3. You could also start making green smoothies each time you get a sugar craving. You can add a sweet fruit in them such as an apple or grapes to make the juices more palatable. Go for vegetables such as cucumbers for making your smoothies because they are naturally sweeter than many other vegetables but don’t overdo it with the pure fruit smoothies or juices which contain a lot of sugar too. Smoothies are preferable to juices as along with the sugar they contain the fibre which lessens the effects of the sugar on your blood sugar levels, watering it down in a way.
4. Don’t skip breakfast and when you take it to ensure it has adequate amounts of protein because protein helps balance blood sugars and insulin, consequently reducing sugar cravings. It also provides a feeling of fullness for longer which decreases your chances of snacking unconsciously. A protein shake is an easy way of doing this for those with time pressure in the morning or i like to add protein powder into my oatmeal to get the slow release energy too.
5. Incorporating healthy fats such as that found in virgin olive oil, seeds, and nuts, avocados, and fish can help in fighting cravings too. Healthy fats don’t actually make you fat, its sugar that does. Fats give you a feeling of fullness, they help in balancing your blood sugar and they provide fuel for your cells.

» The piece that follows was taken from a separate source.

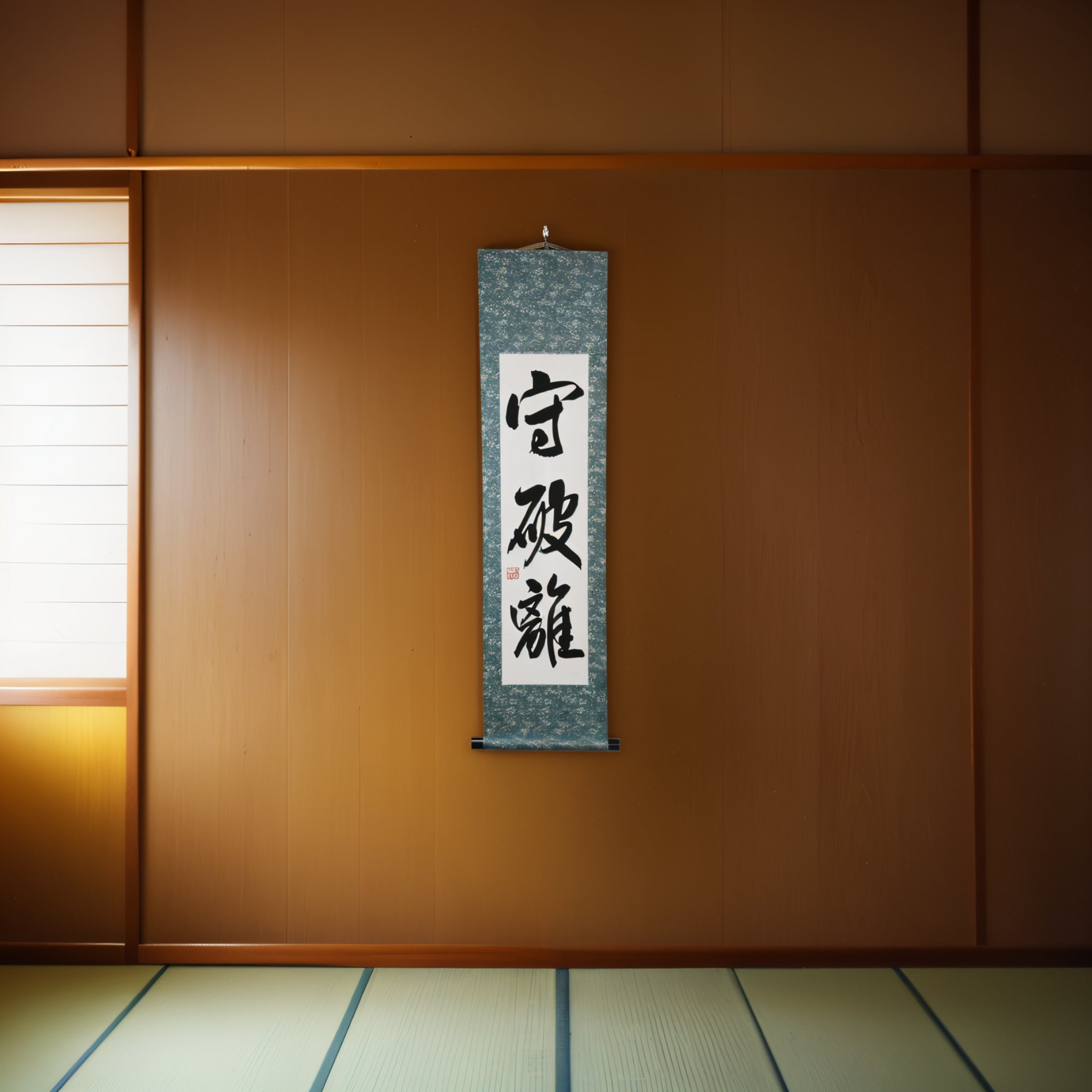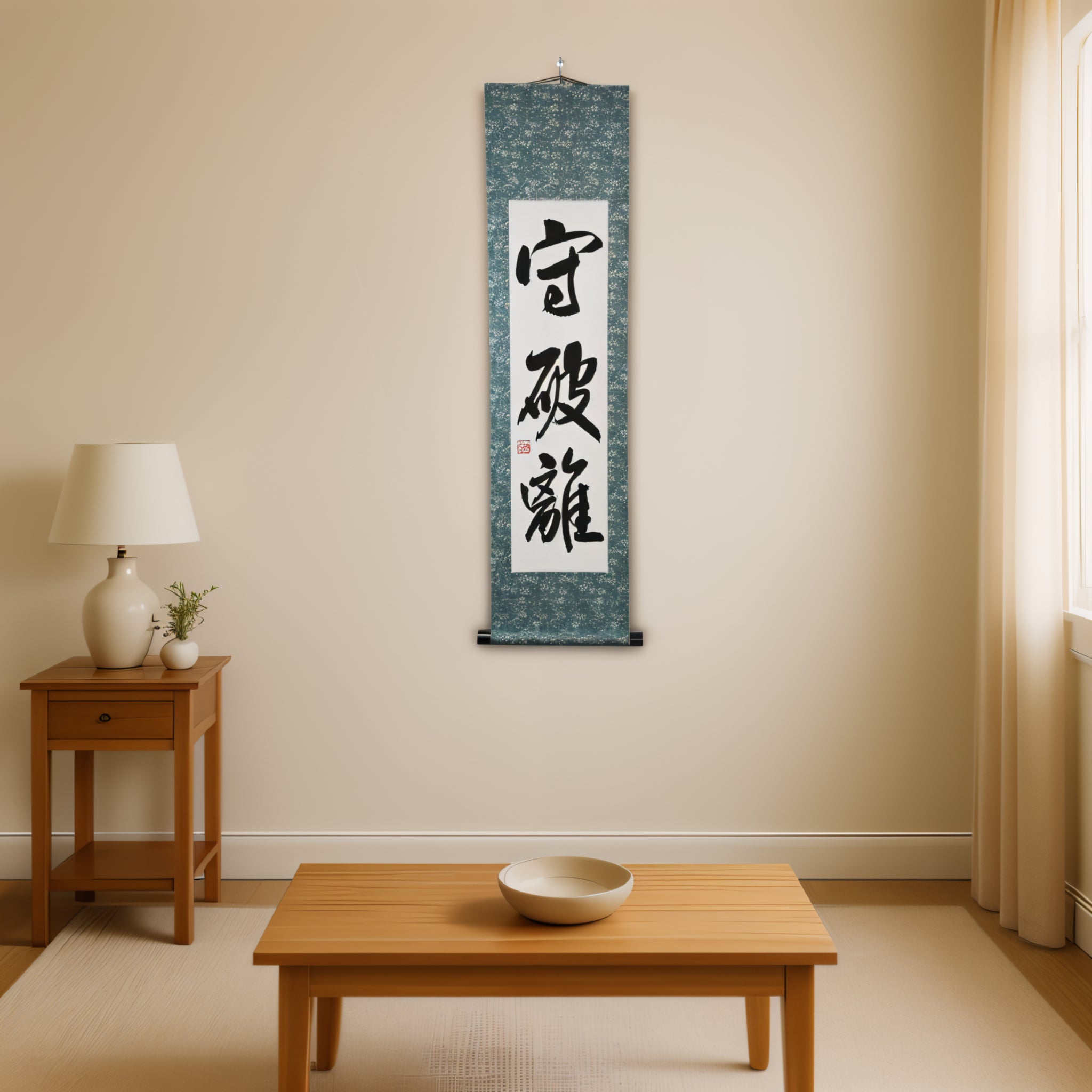 This Japanese calligraphy scroll features the timeless phrase 守破離 (Shuhari) — a profound teaching that captures the path of growth and mastery in all martial arts.

6. Fancy something a bit more radical? Fasting has been shown to be a really effective method to detox from any undesirable eating habits and reprogram craving centres and tastebuds. There are many versions to try but something relatively simple is a supported fast where you aren’t simply cutting out food but instead you are providing your body with plenty of nutrients to help your system detox along with a protein element to keep hunger at bay. I recently finished a three day fast using Miessence Fast and had great results including loosing the weight I had gained over the christmas holidays (I lost 6 lbs) plus reaffirmed my own sugar related goals. I found things so sweet after I started eating normally again that if something contained processed sugar I could tell right away. Get in touch if you want more information about that or check out my run down here.
Fighting sugar addiction cannot take place instantly. It will require time, patience and discipline. Start by making small simple changes and with time you will have the momentum to keep off sugar and processed foods altogether gaining a more consistent energy, more stamina when exercising, easier weight loss, clearer skin, better teeth and the priceless benefit of not living a life punctuated with incessant cravings!